Joanne décrit un même mouvement d’une théologie qui trouve son épanouissement dans le service. «C’est parce que Jésus a été le premier à me servir que je veux le servir à mon tour par des gestes pratiques et concrets. Tout comme lui l’a fait auprès de ses disciples, je veux me présenter comme une “servante” à sa suite», témoigne la mère de famille. Un écho certain à l’apôtre Paul, qui se présentait lui aussi – comme l’indique Cyrille Court – comme le «doulos» (serviteur, esclave) de Christ.
Pour un équilibre
Mais ce service a souvent laissé place à une réflexion théologique déconnectée: «Le théologien qu’on admirait était celui qui avait une connaissance accrue de l’histoire de la pensée chrétienne, capable d’analyser les concepts les plus sophistiqués et de maîtriser les détails des textes bibliques. La façon dont il vivait cela était reléguée en arrière-plan», argumente Cyrille Court en ajoutant que le problème ne s’est pas estompé avec le temps, puisque «des scandales récents dans des facultés de théologie en témoignent».

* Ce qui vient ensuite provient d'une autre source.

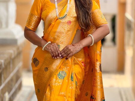 Admirable Yellow Soft Banarasi Silk Saree With Angelic Blouse Piece
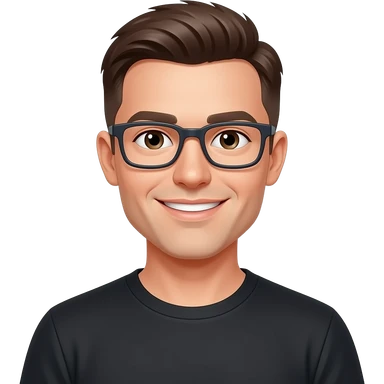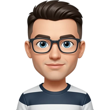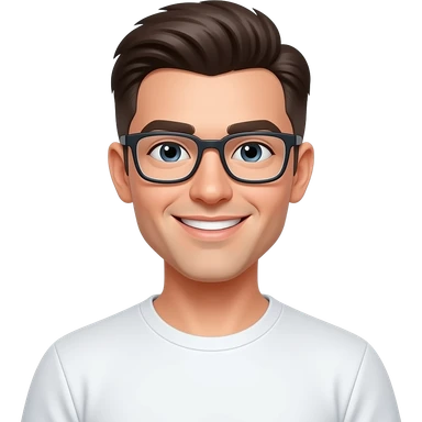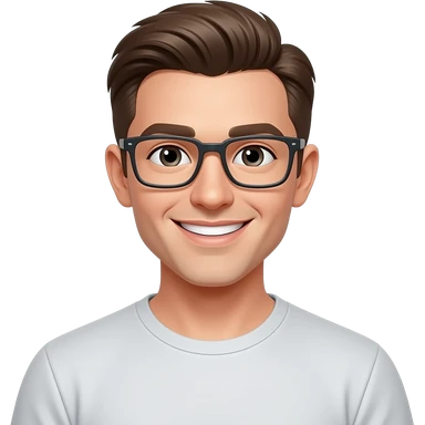 skinny man, with rectangle glasses, white skin, with modern all top hairstyle, nice smile, wearing tshirt, emoji
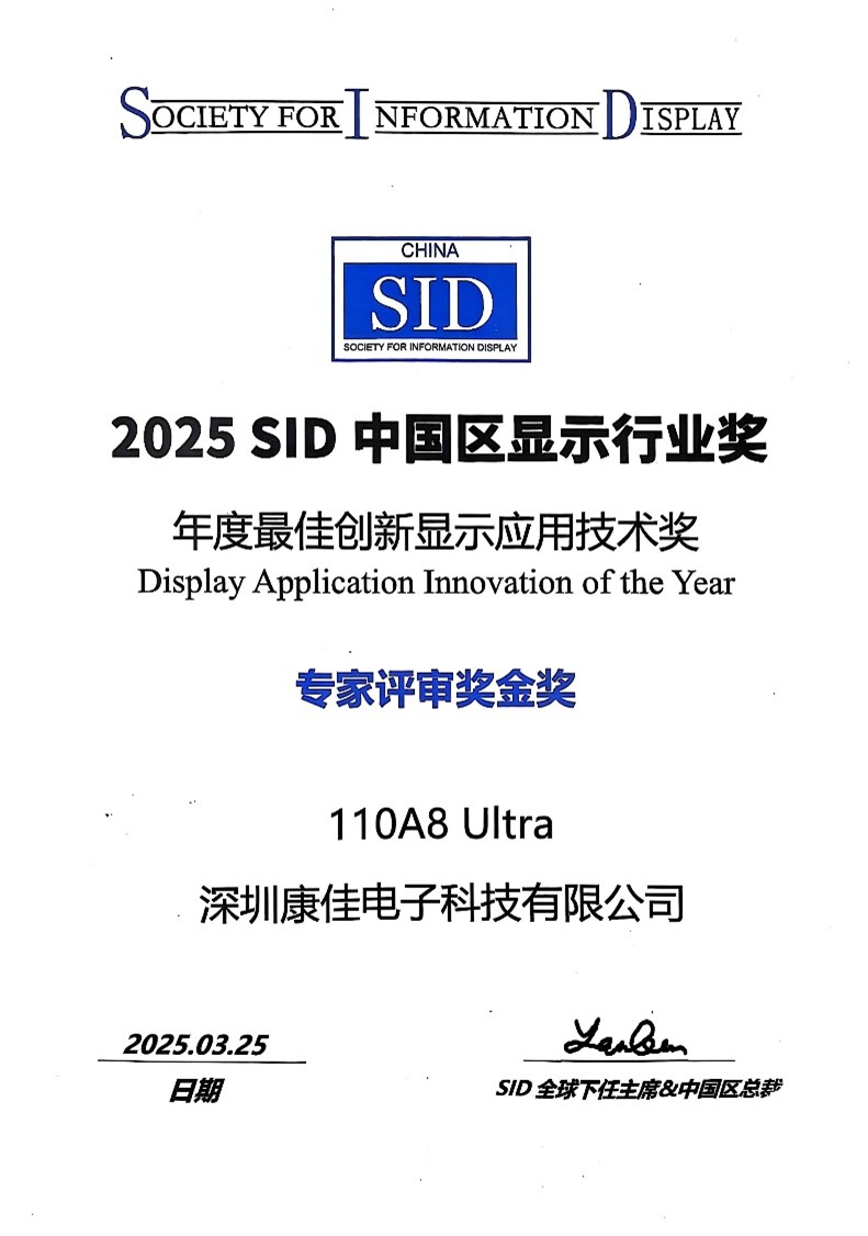 3月25日,在厦门举行的2025年度国际显示技术大会(ICDT)上,康佳电视110A8 Ultra凭借创新实力,一举斩获2025国际信息显示学会(简称SID)中国区显示行业奖年度最佳创新显示应用技术奖专家评审奖金奖。该奖项由SID北京分会技术委员会组成的专家评审组和ICDT参会者联合评审,经过行业70多位行业权威专家严格打分评选产生。康佳电视首次荣获该奖项,打破了面板厂商在该领域的垄断获奖局面,彰显了康佳电视在MiniLED背光分区控光领域的技术创新成果取得显著进展。
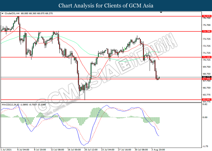 Bagi pasaran komoditi, harga minyak mentah telah menyusut sebanyak 0.35% ke $68.40 se tong semasa penulisan susulan dengan data inventori yang bearish. Menurut kepada Energy Information Administration (EIA), inventori minyak mentah A.S. telah memberi bacaan sebanyak 3.626M, lebih buruk daripada jangkaan pasaran sebanyak -3.102M. Sebaliknya, harga emas telah menyusut sebanyak 0.08% ke $1810.30 se troy auns susulan dengan peningkatan dalam Dolar AS.
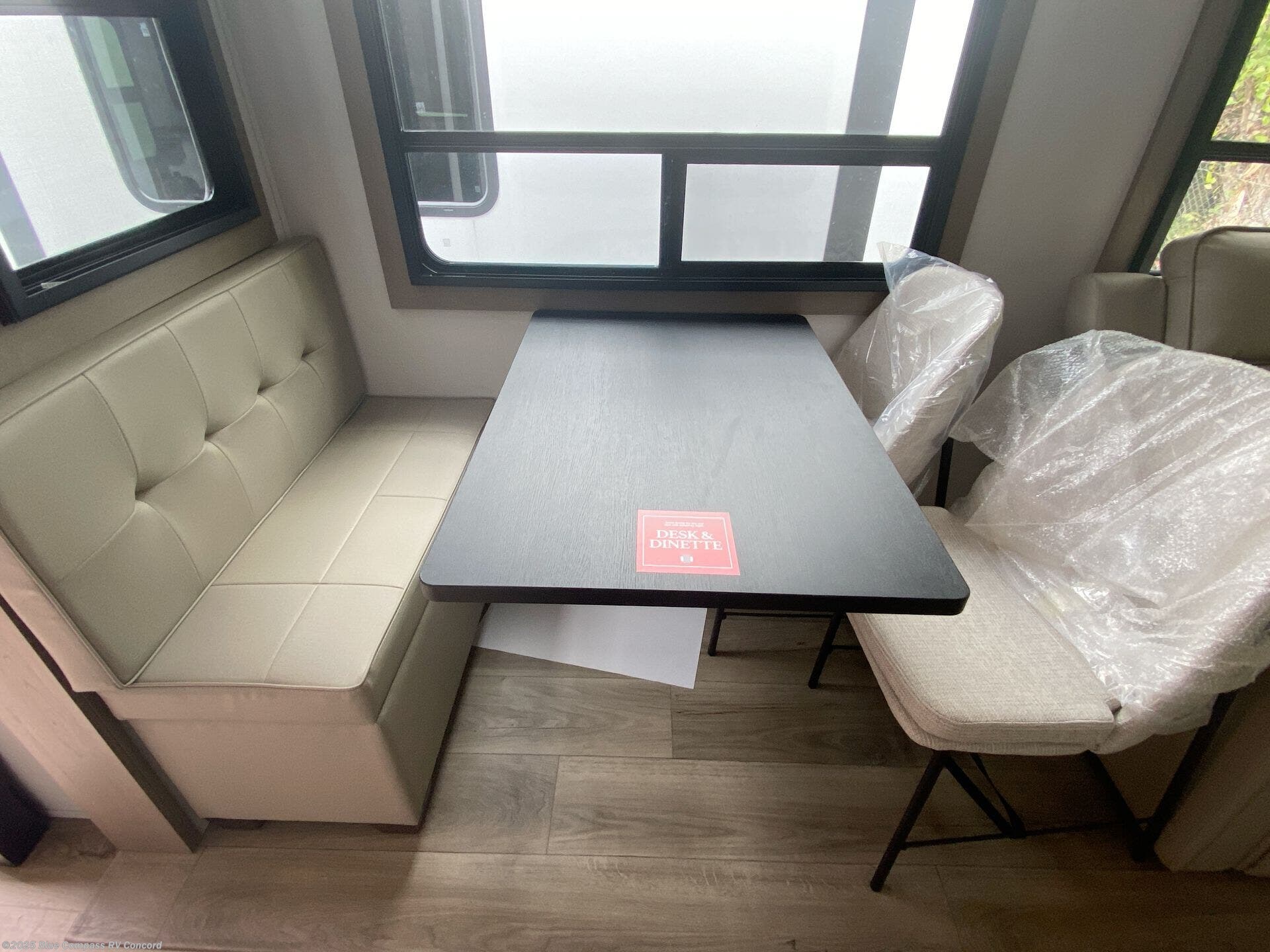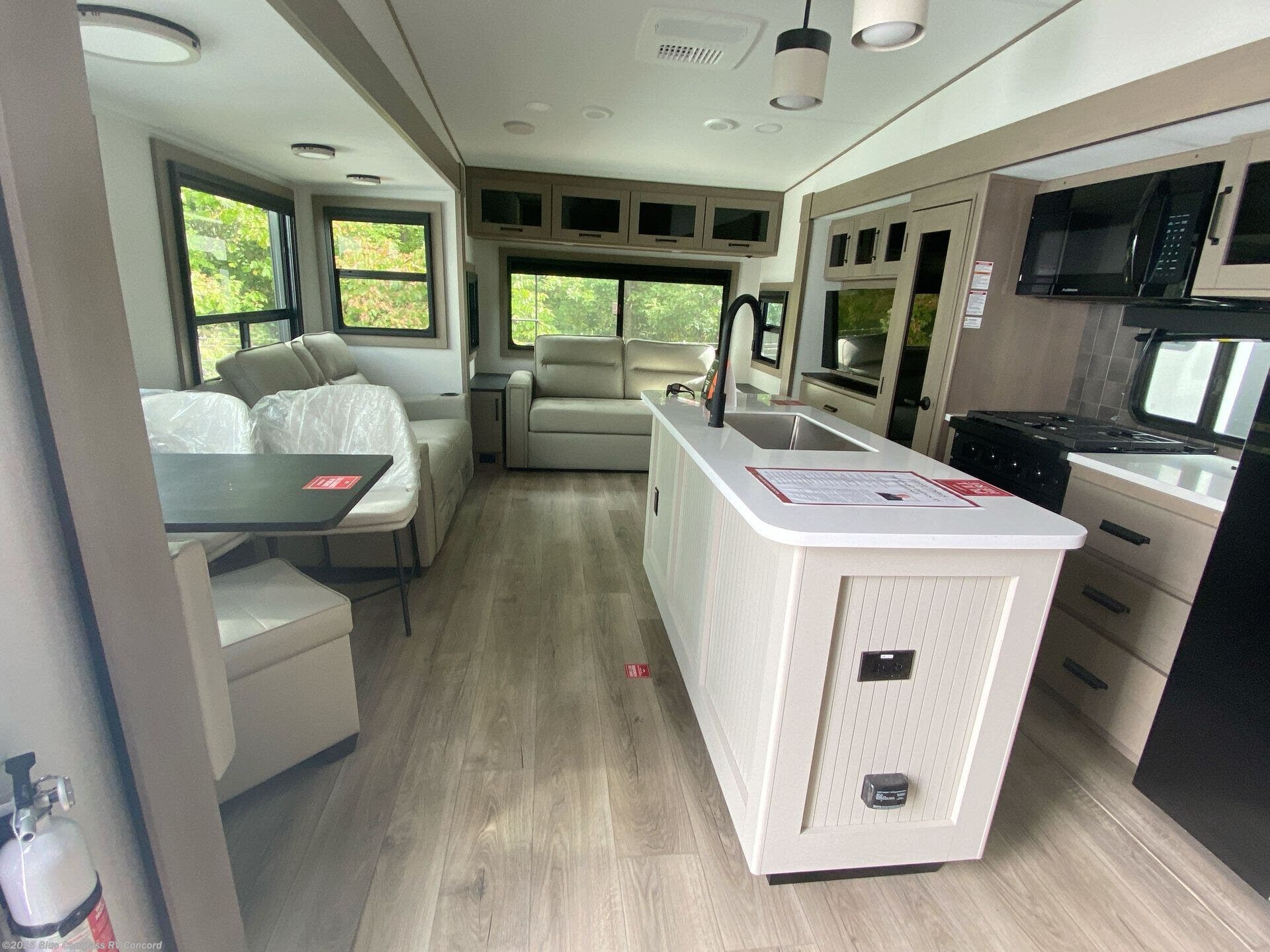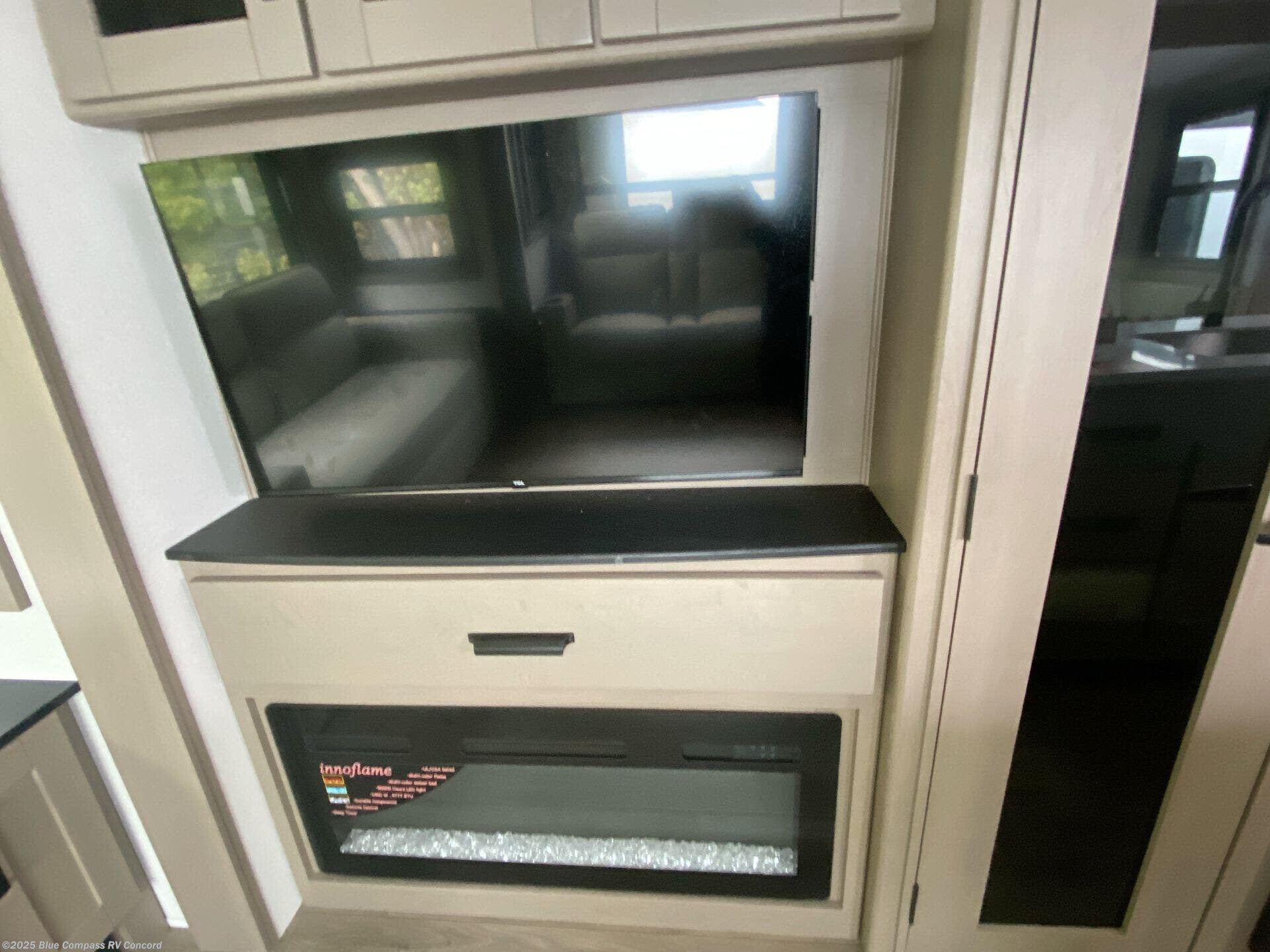 You can enjoy a spacious rear living area in this RV with dual opposing slides offering you entertainment, kitchen amenities, seating and windows for great views! The rear tri-fold sofa also converts into extra sleeping space for an extra guest or two, just like the booth dinette does. Yet you might like to add the swivel dinette option. There are theater seats to enjoy while you place your drinks in the cupholders and watch the entertainment center with a 40" LED HDTV and fireplace. The pantry is big enough to store your favorite snacks, and the kitchen island will make meal prepping easier, plus there is a 16 cu. ft. refrigerator to store any leftovers. The full bathroom has a 30" x 48" fiberglass shower and a linen closet to store your towels. The front private bedroom has a comfortable queen bed slide that can be switched out for the optional king bed, a dresser with overhead cabinets, and a full wall wardrobe that is prepped to add the optional washer and dryer so that you can extend your camping trip with clean clothes!

Dès lors, entre compréhension intellectuelle de la théologie et mise en pratique, l’écart est parfois difficile à surmonter. Toutefois, pour Cyrille Court, la conclusion est sans appel: «La fidélité à Dieu est la mise en pratique des connaissances que l’on a de Dieu. En ce sens, “théologie de service” est une expression redondante d’un point de vue biblique. Sans service, la théologie est morte.»